Setting the baseline

The first thing I would do is to use some very simple features, and build a quick model that has a relatively low bias.

I’ll then use cross validation to ensure that I have low variance between train-test splits. This ensures that i’m not overfitting to any segment of the training data.

After getting a satisfactory bias and variance value, we cross our fingers, and submit our prediction to see how well it does on the LB!

There are now 3 things you need to take note of:

Cross Validation Score (CV Score)

Leader board Score (LB Score)

Difference between CV and LB Score (Your variance on the testing set)

If the difference between your CV and LB is high, you’re overfitting the training data. Try to tune your model so that the difference isn’t too high.

Feature Generation

Now that you got your baseline, Do Not Modify Your Model’s Parameters!….. yet

Using parameters for the baseline model, you want to generate more features to increase your CV score. Then you make submissions to the LB to checkout your LB score.

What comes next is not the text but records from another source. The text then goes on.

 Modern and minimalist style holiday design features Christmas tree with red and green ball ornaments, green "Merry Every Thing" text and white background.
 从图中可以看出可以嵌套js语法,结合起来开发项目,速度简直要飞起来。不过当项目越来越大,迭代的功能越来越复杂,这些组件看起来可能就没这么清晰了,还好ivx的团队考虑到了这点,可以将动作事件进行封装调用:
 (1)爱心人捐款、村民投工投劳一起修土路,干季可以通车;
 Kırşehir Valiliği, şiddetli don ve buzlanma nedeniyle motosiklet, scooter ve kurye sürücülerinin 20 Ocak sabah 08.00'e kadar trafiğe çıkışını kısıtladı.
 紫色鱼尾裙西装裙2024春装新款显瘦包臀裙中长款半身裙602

If your CV score increases, but your LB score stays the same or decreases, you’re overfitting.

Here’s a snippet of my comments I used to keep track of my CV/LB climb:

xgb_params = {
    'max_depth': 4,  # the maximum depth of each tree
    'eta': 0.01,  # the training step for each iteration
    'silent': 1,  # logging mode - quiet
    'objective': 'multi:softprob',  # error evaluation for multiclass training
    'gamma': 0.9,
    'alpha': 0.3,
    'colsample_bytree' : 0.09,
    'subsample' : 0.09,
    'num_class': 9}  # the number of classes that exist in this datset

## Original
nfolds = 5
CV = 0.7299
std: 0.0112
LB = 0.67291

Difference = 0.05699

## changed rolling window size
nfolds = 5
CV = 0.7458
std: 0.0207
LB = 0.67995

Difference = 0.06585

## added quantile features
nfolds = 5
CV = 0.7564
std: 0.0167
LB = 0.68347

Difference = 0.07293

## dropping mean
using smaller feature set (50)
nfolds = 5
CV = 0.7670
std: 0.0243
LB = 0.69284

Difference = 0.07416

## adding iqr and trimming mean
using smaller feature set (70)
nfolds = 5
CV = 0.7740
std: 0.0257
LB = 0.69988

Difference = 0.07412

As you can see, my parameters are the same, and I’m only adding or removing features to push up my CV and LB

Feature Selection

Feature generation was the process of adding in new features, but using all the features (if you have a lot of them), is usually too noisy.

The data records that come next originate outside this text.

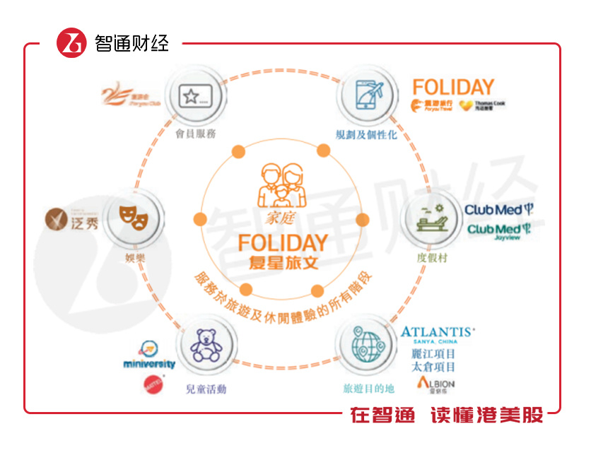 该公司构建以“家庭”为中心的旅游消费生态圈,目前业务辐射包括度假村、旅游目的地、儿童活动、娱乐活动、会员服务以及规划和个性化服务。以下为生态圈体系示意图:
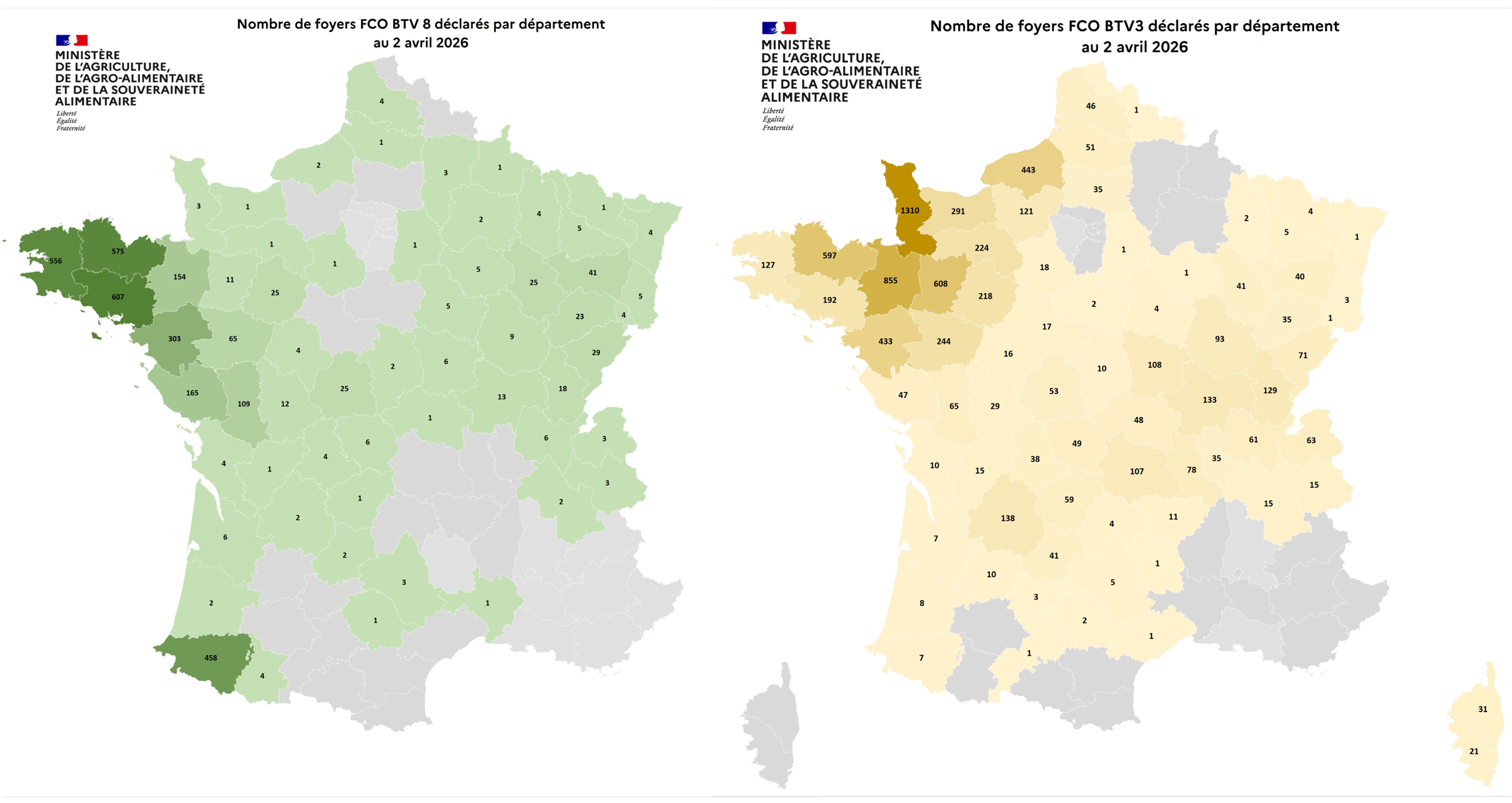 Au 2 avril 2026, le Cantal dénombre, 4 foyers de FCO 3 et aucun de FCO 8
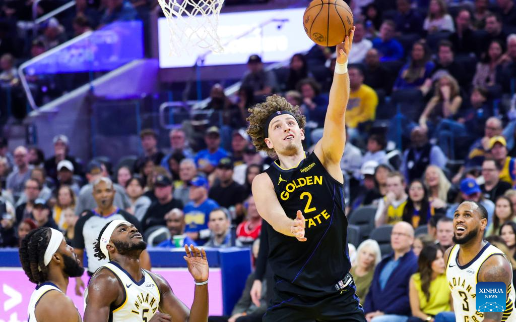 Pat Spencer (R) of Golden State Warriors competes during the 2025-2026 NBA regular season match between Golden State Warriors and Indiana Pacers in San Francisco, the United States, on Nov. 9, 2025. (Photo by Arthur Dong/Xinhua)
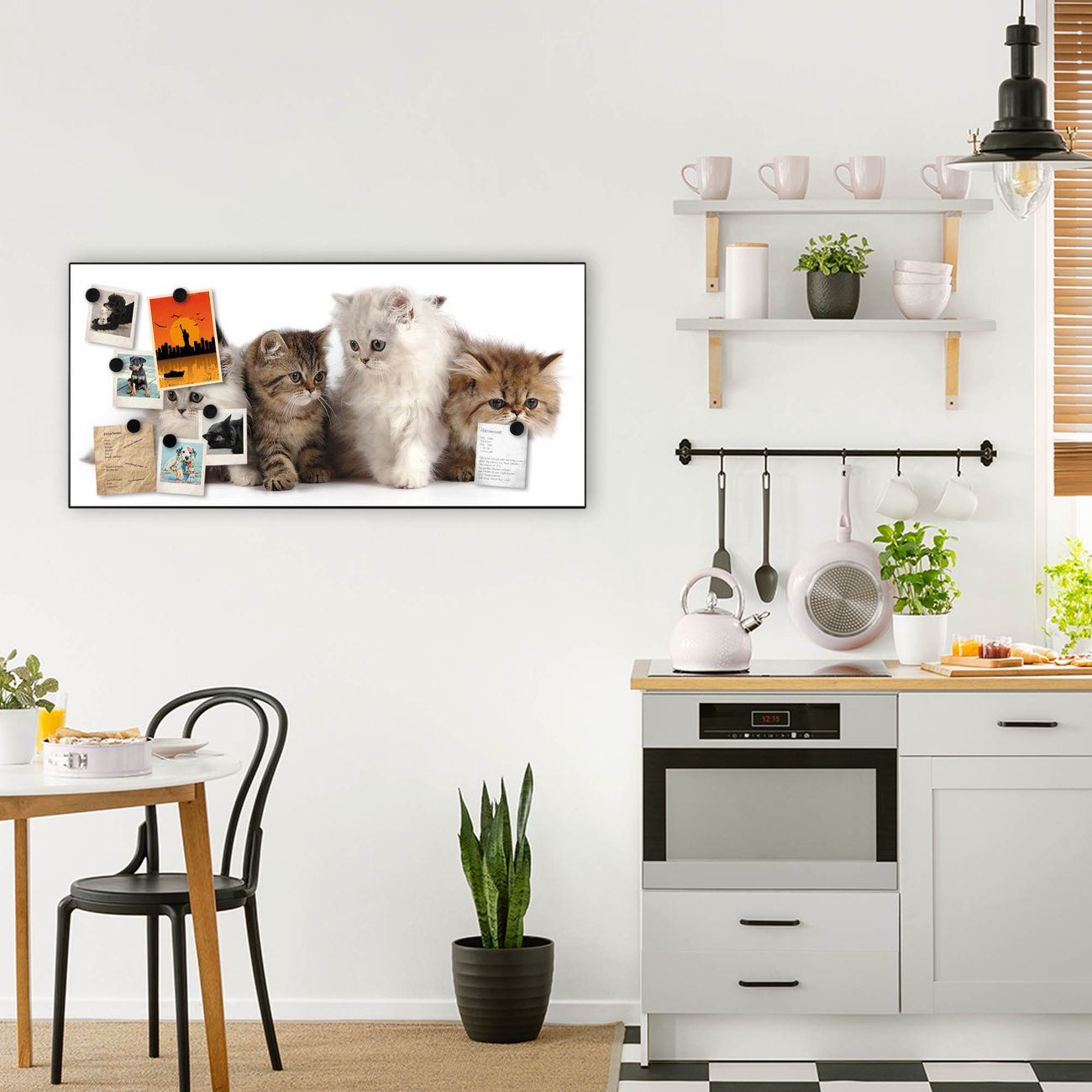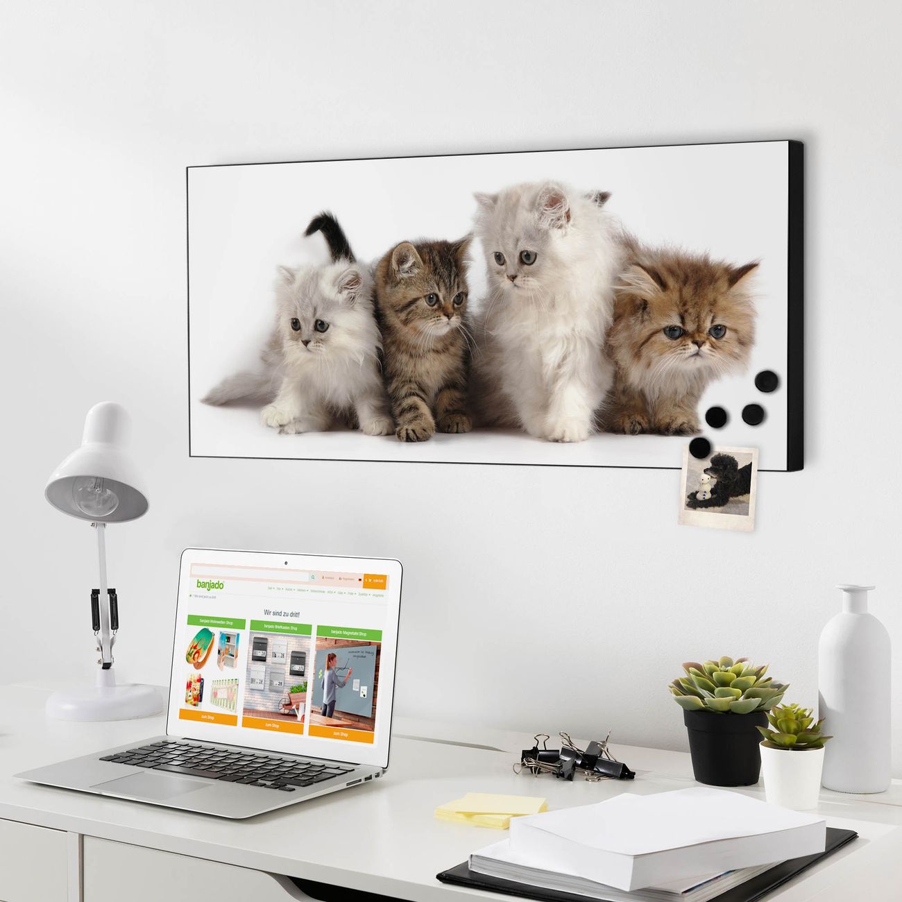 FUNKTION:  Die banjado Magnettafel mit Motiv Kaetzchen Motiv bringt Ordnung in Ihr Zettelchaos. Fotos, Termine, Notizen oder Rezepte lassen Sich hier stilvoll mit Magneten ordnen, Sie behalten alles im Blick. An der Design Magnetwand halten alle handesüblichen Magnete. DESIGN:  Die Metall Pinnwand mit dem Motiv Motiv Kaetzchen ist ein eleganter Begleiter im Alltag. Mit dieser Magnettafel haben Sie auch ohne Notizen und Magnete ein schönes Dekoelement. Das Format bietet Ihnen ausreichend Platz um alle wichtigen Informationen im Blick zu behalten. DETAILS: Die magnetische Pinnwand besteht aus silber-grau, weiß oder schwarz lackiertem Stahl. Sie hat eine Größe von 78cm x 37cm. Es befinden sich auf der Rückseite vorgefertigte Löcher die eine schnelle und unkomplizierte Anbringung ermöglichen. Das Motiv ist mit einem seidenmatten Laminat versehen und schützt so zusätzlich vor Kratzern. NUTZEN:  Sie können diese Magnettafel wunderbar als Wandbild nutzen, es halten alle handelsüblichen Magneten daran. Das Memoboard ist mit einem feuchten Lappen oder Schwamm abwischbar. Sie finden bei uns eine große Auswahl an passenden Magneten. BANJADO:  Wir sind ein kleines Team aus dem Herzen von Sachsen. Wir fertigen alle Artikel von Hand für Sie an, Sie erhalten keine preiswerte Importware. Auf Wunsch können Sie auch Ihr eigenes Foto auf die Magnettafel aufbringen, schreiben Sie uns an. Herzlichst, Ihr banjado-Team

Most models like XGBoost and LightGBM have functions to tell you which features have the most impact on your prediction. You would want to trim your selected features to only include those high impact ones.

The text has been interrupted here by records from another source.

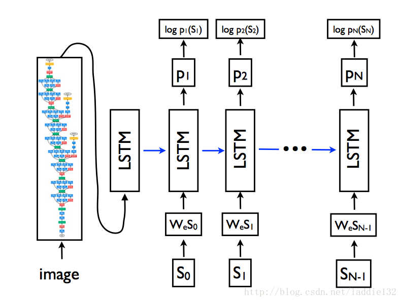 即对于输入图像 I I ,输出句子的概率为每一时刻生成对应词 St S t 概率的乘积,如果取对数概率,则分解为每一时刻词对数概率的和。
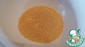 Кус-кус насыпаем в большую миску, с учетом того, что он сильно увеличится в объеме и и заливаем кипятком в соотношении на 1 чашку крупы - 2 чашки воды. Накрываем крышкой и забываем о нем минут на 15.
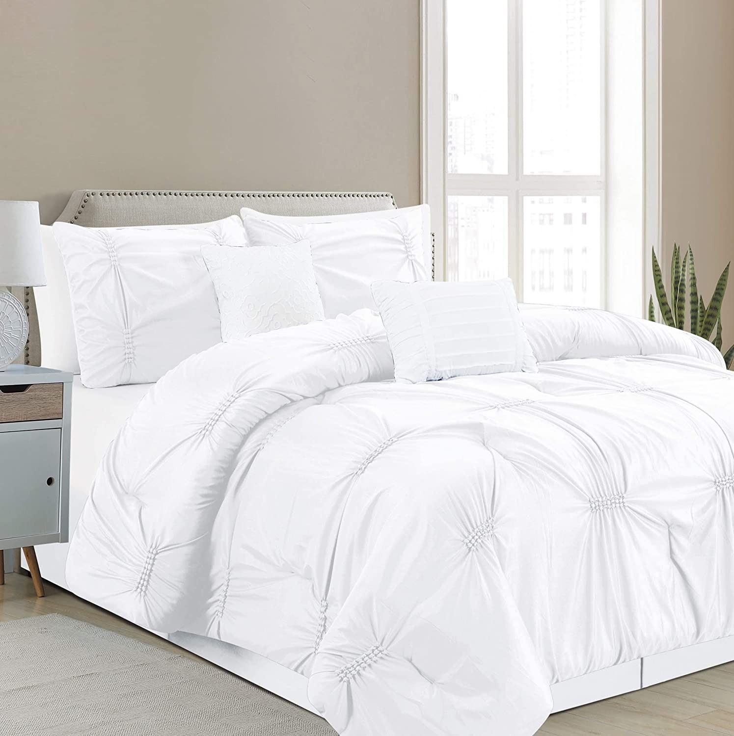 BEDROOM LINEN SET, COMFORTER 88" X 88", 2 SHAMS 20" X 26", 1 DECORATIVE PILLOW 16" X 16", WHITE, ADRIEN MODEL
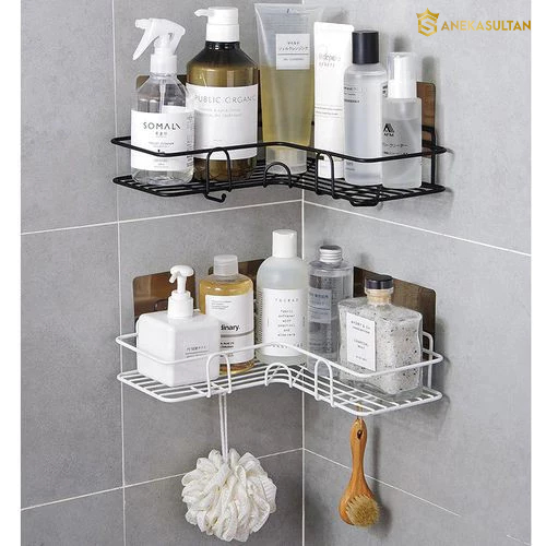 Rak Sudut Kamar Mandi Tempel Dinding Keramik Rak Dapur Besi Serbaguna Tanpa Paku
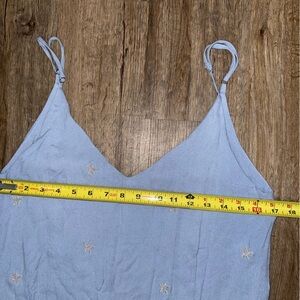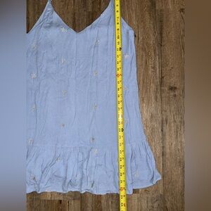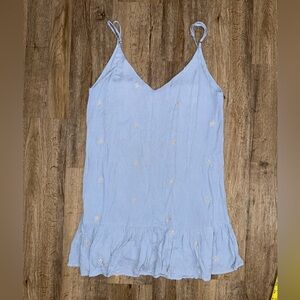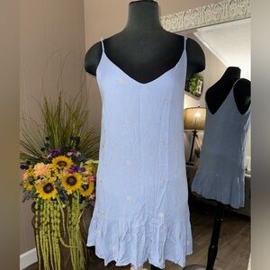 In like new condition. No issues. Light periwinkle blue with white stars. Adjustable straps. Ruffle hem.
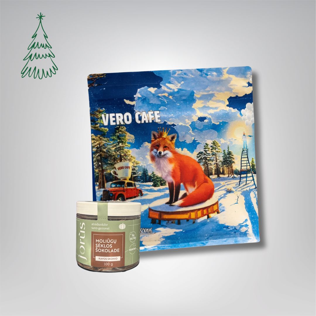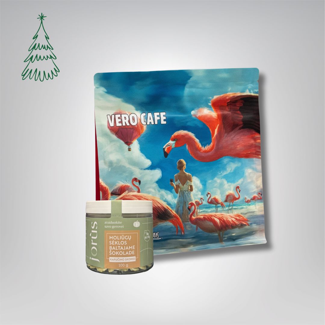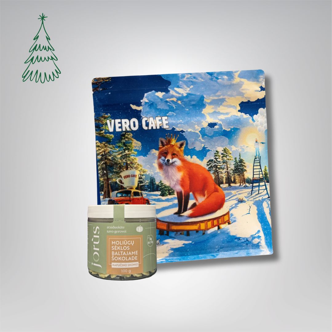 Pasirinkite šį dovanų rinkinį ir suteikite artimiesiems nepakartojamą akimirką – mėgaujantis mėgstamo skonio kava ir lietuviško prekės ženklo moliūgų sėklomis šokolade.
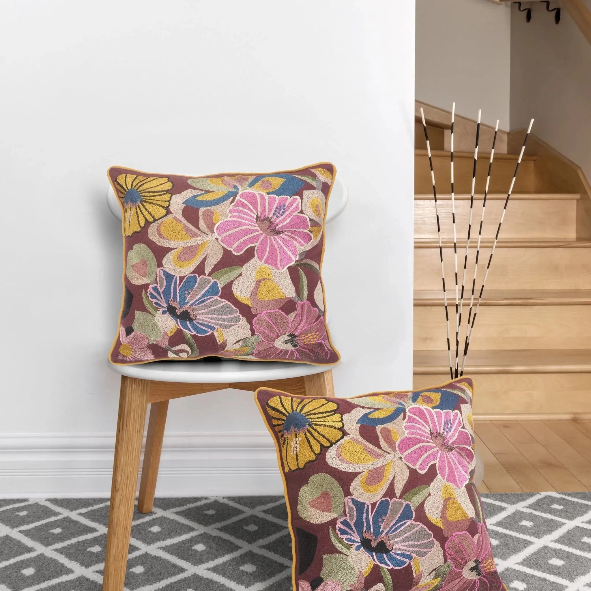 Designed to thrill, our pillow collection will add intricate mastery and eye pleasing designs to any room. This floral addition dwells perfectly on a comfy couch, bed, or sunroom bench. This pillow is a wonderful design that features a balanced color combination and graphic flowers. The edge features a piping for a stark border. Handcrafted with the customer in mind, there is no compromise of comfort and style with the pillow line we create.
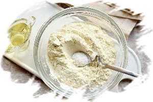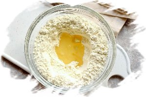 В серединке смеси сделайте углубление, влейте растительное масло.

By doing this, I was able to push my score up just a little bit more!

Parameter Tuning

Once you’re done with Feature Generation and Feature Selection, then we come to parameter tuning phase.

In this phase, we want to tune the parameters to reduce bias, variance, and CV-LB difference. You can use functions like GridSearch to efficiently search across a range of parameters

Conclusion

Baseline -> Feature Generation -> Feature Selection -> Parameter Tuning!

This isn’t a silver bullet to all competitions, but its the strategy that I use regularly.

In data science and Kaggle, there are plenty of moving parts, and it’s easy to get lost in the myriad of factors affecting your prediction. It’s always good to have a system to isolate and tackle the problem!